By inserting human genes into E. coli, DeLisa can give this simple organism the machinery to attach different sugars to proteins, giving them specific biological actions. He has co-founded Glycobia, Inc. to commercialize the process. “We bring in the entire protein machinery for sugar biosynthesis and attachment and give E. coli the ability to perform glycosylation, something it does not normally do,” he says. “It’s a very bottom-up engineering approach that is made possible by a deep understanding of the underlying biological mechanism.”
Such a mechanistic understanding of biomolecules raises the prospect of computational models that can not only show how to make a protein that might not exist in nature, but also predict its effect. Assistant Professor Jeffrey Varner is already developing such tools to rationally reprogram cell machinery. “Our ability to make accurate predictions is still in its infancy,” says Shuler. “In 40 years we’ll be able to make much more accurate predictions.”
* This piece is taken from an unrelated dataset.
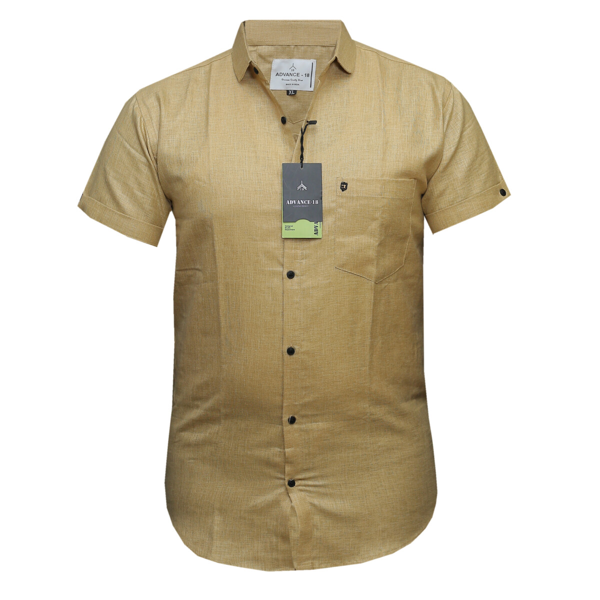 Advance 18 Mustard Linen Shirt – Short Sleeved Shirt – Plain Colour – Linen Shirts for Men

It may one day even be possible to tailor make entire microorganisms from scratch. “That’s not an impossibility and in fact in some sense is probably closer than many people realize,” says Shuler. “The idea in both of these cases is to have a human-designed organism fulfill a predetermined task as efficiently and effectively as possible.”
Creating such artificial life forms presents a host of technical challenges, not to mention philosophical questions, so most chemical engineers will continue to work with modified cells for the foreseeable future. What biomolecules they will create is anyone’s guess. “There are still all sorts of things to be learned. It’s hard to imagine what the next use of living organisms will be,” says Finn. “So, you know, we’re just getting started.”